The wars in Afghanistan and Iraq, and the bombing of Libya, made Americans tired not just of the costs of war, but even more of the inability of these liberated countries to govern themselves, and of their general ingratitude shown their American liberators. Karzai, Maliki, and the nameless in Libya are not necessarily an attractive bunch.
And$17 trillion in debt and a chronically sluggish economy — at a time of vast expansions in federal entitlements — translates to many Americans that a dollar spent overseas is a dollar lost to food stamp programs. And for the last thirty years, there has been a growing resentment of Americans toward our allies who seem to criticize the U.S. the more they are guaranteed American security.
Add all this up, and American foreign policy has become ironic.

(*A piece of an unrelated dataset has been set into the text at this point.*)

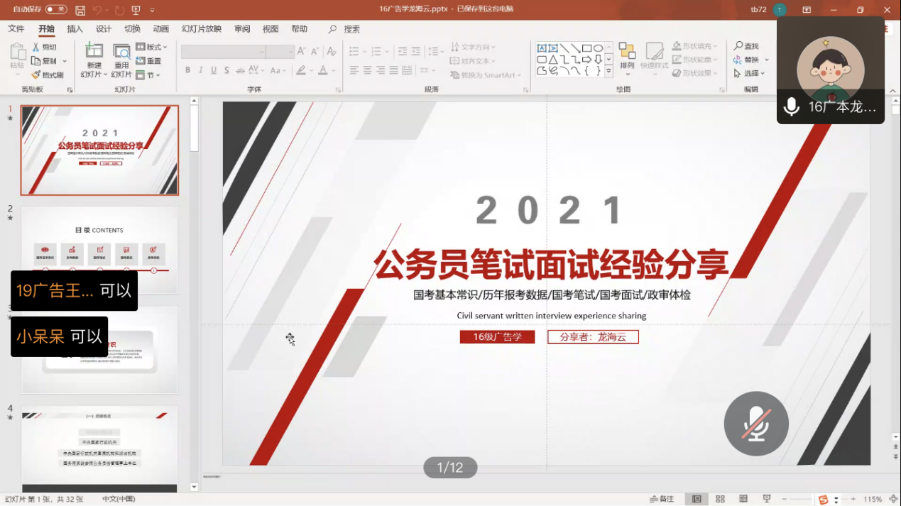 分享会伊始,院学工办辅导员李丹萍讲话,她期望大家在就业规划上早日找到自己的方向,并提前做好准备,未来找到一份满意的工作。随后,进入校友分享环节。16广告龙海云目前在衡阳市祁东县税务局任职。他从国考基本常识、历年数据、国考笔试、国考面试、政审体检五个方面展开分享。通过数据,他告诉大家不要被报考人数吓倒,要相信自己。同时他也仔细解读了笔试考察的各部分内容,分享了相关应考技巧。17文化创意学专业研究生刘海目前就职于云南省大理自治州洱源县税务局,他为我们讲述了自己的考试经历,并就公务员备考常见问题以及时间规划与方法实践做了介绍,他激励同学们:“道路千万条,实干第一条”。16广告张净衡考上了宁波市奉化区税务局,他主要分享了公考简介、岗位挑选、笔试备考和结构化小组面试流程,并鼓励同学们:“公考并没有想象中那么难”。

Obama was largely welcomed abroad as a pleasant change from the unpopular interventionist and internationalist George W. Bush, whose freedom agenda and guarantees of security for an array of allies were often resented by those they sought to serve. In contrast, Europeans, Middle Easterners, and Asians all claimed they wanted a new direction in U.S. foreign policy. With Obama, they’ve finally obtained their hopes for change (be careful what you wish for) — and now must deal with a newly assertive China, Iran, and Russia largely on their own.
As long as we do not call Obamism “isolationism,” the American people seem to have no problem with the new retrenchment, either because they do not like the costs of engagement or they do not much like the thought of helping those who resent our help.
So far this is mostly ironic. But from now on out it will begin to get a bit dangerous as outlaw nations like Iran, Russia, and China begin to carve out regional hegemonies. At some point, our former allies will seek U.S. help, and at some point, if history is any guide, Americans will reluctantly offer it to them — but a far greater price than needed to be paid.